大量的dc_users字典缓存锁可能引起后续会话登录挂起,用户登录无法成功,乃至整个实例hang住。那么又是什么样的操作可能引起这种row cache lock并发锁等待事件呢?
应用维护人员反馈问题发生时部分应用程序配置文件中的数据库用户密码不正确,同时该应用会在短期内发起大量会话登录数据库,但应用人员观察到这一问题后并没有联想到可能引发进一步的实例上的dc_user row cache lock问题,仅尝试修改密码并重启该部分的应用程序。
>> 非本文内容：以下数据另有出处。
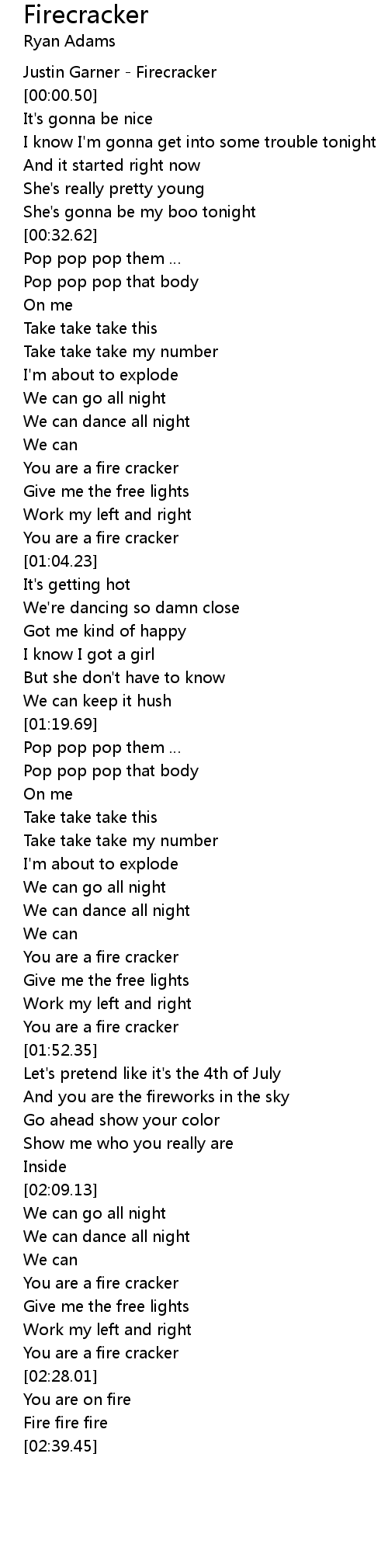 | [00:00.00] | Justin Garner Firecracker |

至此该问题的root cause已经较为明了:由于短期内出现大量连接请求但连接发起端给出的密码均不正确,引起了Server端严重的用户信息字典缓存锁(users dictionary cache lock)争用。
该问题诊断过程中提交了SR,Oracle GCS给出了进一步的结论,在11g release 1上Bug 7715339也可能造成类似的row cache lock问题,且该Bug一开始在AIX平台上没有one-off的patch,之后客户要求MOS开发出了该平台上的补丁,目前AIX上也有7715339的one-off patch了:
1. On 11.1.0.7, Many 'row cache lock' happened , application can not login to database.
2. The issue is caused by password has been changed but some application still used old password, so these application continuously trying connect to database and leads to dc_users contention.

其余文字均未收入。